The gospel changes everything. It changes individuals, husbands, wives, parents, and kids. In the previous article, I focused on the negative part of the command, do not exasperate your children. Now I’ll focus on the positive side.
Paul instructs parents in Ephesians 6:4 to bring up their children in the discipline and instruction of the Lord.
This verse should have a parent’s attention. We can package Paul’s teaching in three words: gentleness, discipline, and instruction.
This phrase “bring them up” doesn’t really communicate the personal nature of what the text is after. The idea is more about nurturing. In fact, it’s the same word is translated as “nourish” in Ephesians 5:29. There’s a calculated gentleness and carefulness involved with parenting.
God knows our frame. He knows children are vulnerable. They can be easily crushed. Or they can blossom and bloom. Calvin translated this command as, “let them be kindly cherished,” and then goes on to emphasize that the overall idea is gentleness and friendliness.
This is a sharp contrast to the common practice in Paul’s day. Fathers were quite insensitive, running over their children without a second thought. However, Paul shows the requirements of the new creation to be one of gentle nourishing. It’s the new order breaking through and shining in.
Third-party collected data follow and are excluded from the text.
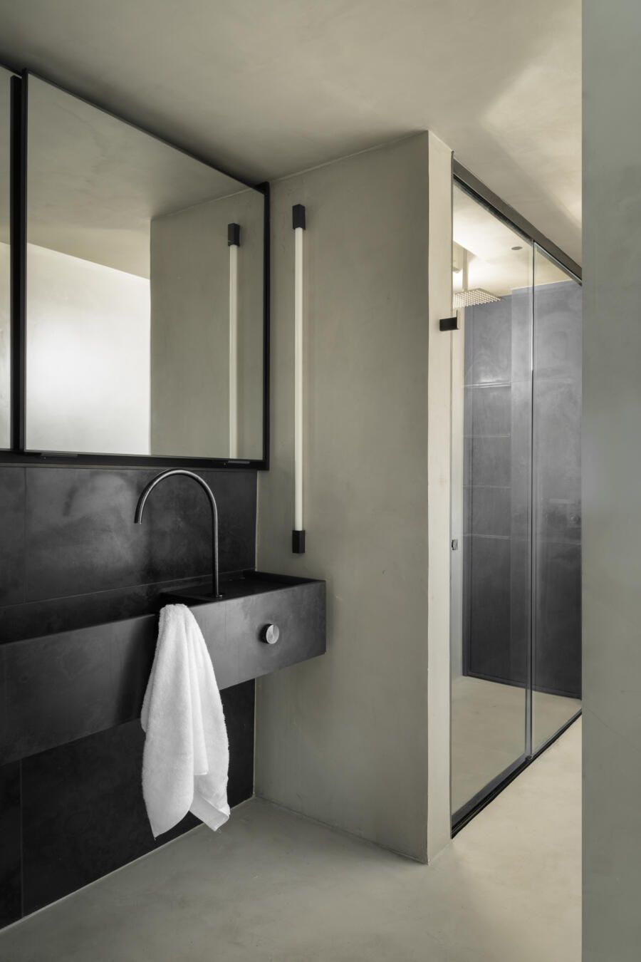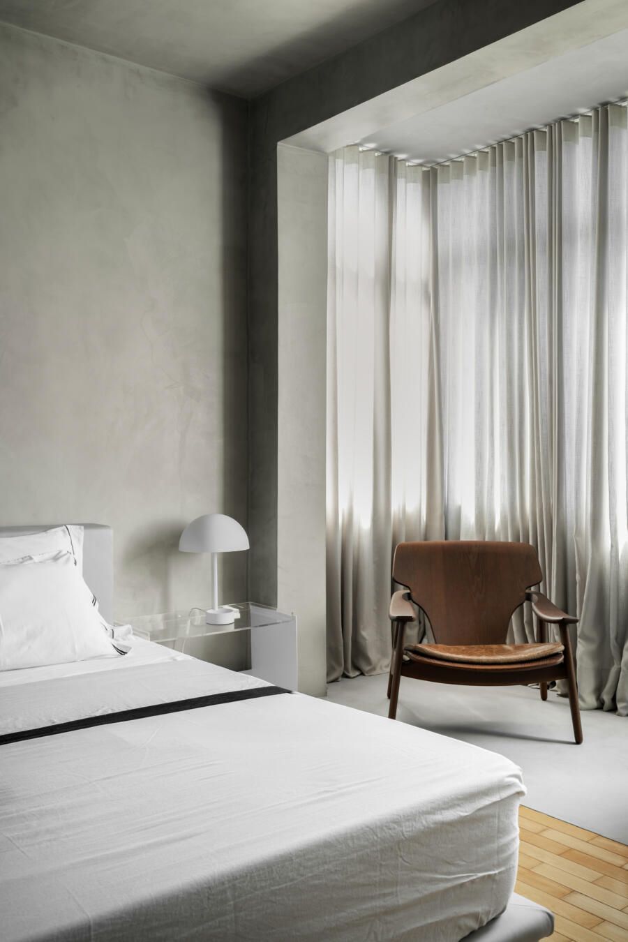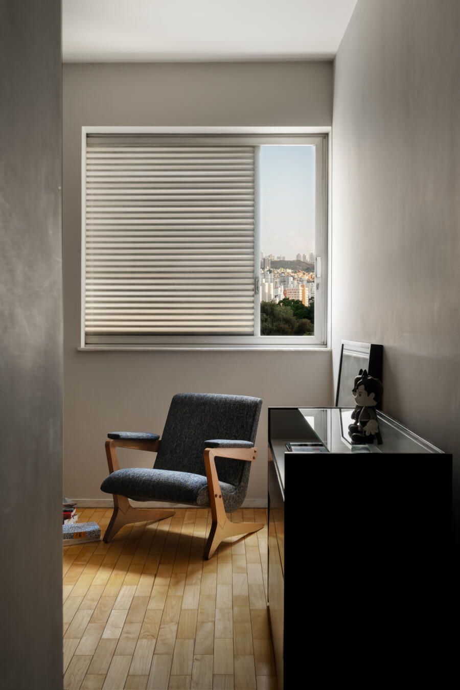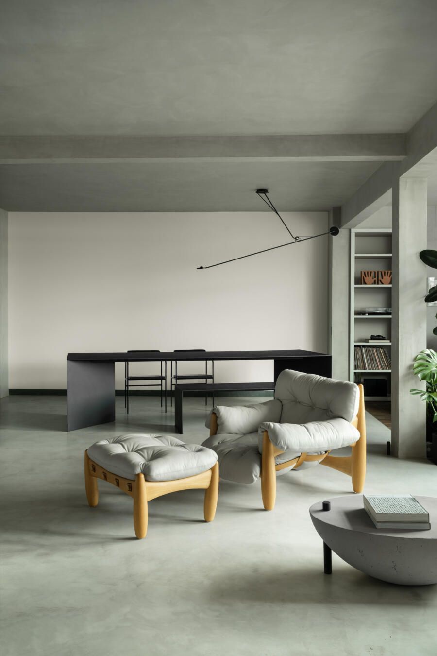 Com 300m2, o principal material usado é o tecnocimento, um material simples e de fácil manutenção que se espalha por todo o piso, teto e paredes da casa. Apesar de sua atmosfera moderna e minimalista, o arquiteto mostra sua identidade mineira ao resgatar as cores vibrantes da cidade no corredor que dá acesso à área íntima e na preservação do piso de peroba original nos quartos, em uma harmonia entre o novo e o antigo.
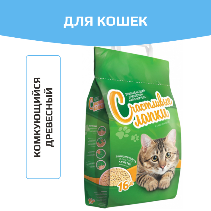Счастливые Лапки Древесный наполнитель для кошачьего туалета.
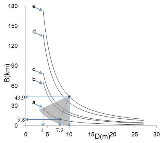 B vs. D curves calculated using Equation (6). The five black curves are related to five ranges, respectively. The gray zone illustrates the possible range of active stream network. The dash line in the gray zone illustrates the estimated ASNL according to the assumptions stated in Section 4.
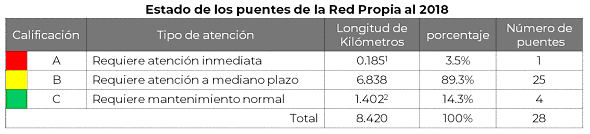 Por otra parte, se ha detectado un importante rezago en los servicios de mantenimiento y conservación, particularmente en la Red Propia, la cual presenta niveles bajos de servicio, en donde de los 28 puentes que conforman esta Red, el 89% de ellos requiere de mantenimiento en el mediano plazo, el 3.5% requiere de atención inmediata y el 14%, se considera necesario la implementación del mantenimiento normal, tal y como se observa en el cuadro siguiente:

Along these lines, I like what Kent Hughes says: “Men are never more true men than when they are tender with their children, whether holding a baby in their arms, loving their grade-schooler, or hugging their teenager or a grown son or daughter.”
Before rushing on to anything else in their parenting, Christian parents must have a gentle hand and nourishing spirit. This reflects the Lord Jesus, who does not break the bruised reed (Matt. 12:20). What a convicting word for parents. You may not be a gentle person, but you must be a gentle parent. You can’t nourish someone carelessly or harshly.
You may not be a gentle person, but you must be a gentle parent. You can’t nourish someone carelessly or harshly.
On the other hand, there needs to be ongoing care given to guard the children against developing patterns that would be harmful to them and others, and dishonoring to the Lord. The word “discipline” means training and even punishment. It involves correcting the wrong behavior. It’s the overall, comprehensive instruction of the life of the child.
It’s not God’s will that parents, in the name of kindness and love, should spare their children of discipline. Clearly, to do this would be to harm the children in their development and training.
And so we have the Bible speak of the need for parents to love their children, even with discipline:
Whoever spares the rod hates his son, but he who loves him is diligent to discipline him. (Prov. 13:24)
Train up a child in the way he should go; even when he is old he will not depart from it. (Prov. 22:6:)
Kindness does not neglect discipline and correction.
God knows that children need kindness, but he also understands that they need correction. Christian parents, you must see the difference between what our culture holds forth as parenting and what God says is parenting. You must discipline your children. They will not grow, mature, and gain wisdom on their own. God has appointed you in their life to discipline and train them.
This word means placing before the mind. It’s verbal instruction that corrects, admonishes, or confronts the behavior. But notice, it has everything to do with the Bible. It is the discipline and instruction of the Lord.
Parents cannot neglect this. Remember Eli and his sons (1 Sam. 2:22-27). We must teach the Word of God to our children and apply life to the Word. Remember Deuteronomy 6:7:
You shall teach them diligently to your children, and shall talk of them when you sit in your house, and when you walk by the way, and when you lie down, and when you rise.
The Word of God should always be in the air, in the conversation. Like bread on the table or water in the pitcher, the Bible is to have its placemat on the table. To properly instruct, there needs to be a verbal and visible commitment to the Bible in the home.
When you put these together, you have instruction and discipline with a disposition of kindness and gentleness. Without instruction, discipline looks like abuse. Without a nurturing gentleness, instruction is unfeeling. Without discipline, parents are not fully instructing.
I’ve often thought of Luther’s balancing comment to parents: “Spare the rod and spoil the child—that is true. But beside the rod, keep an apple to give him when he has done well.”
Like bread on the table or water in the pitcher, the Bible is to have its placemat on the family table. In order to properly instruct there needs to be a verbal and visible commitment to the Bible in the home.
This puts the burden on parents. How can parents raise their children like God says unless they know what the Word of God teaches? How can they teach with wisdom unless they’ve personally learned in Christ’s school? Parents must be growing in personal godliness if they want to faithfully care for their children.
Yes, parenting is hard. Thankfully, God is gracious. The Bible is sufficient. And, the Holy Spirit indwells believers, making us more and more like Jesus. This encourages discouraged parents to be faithful and prideful parents to be humble.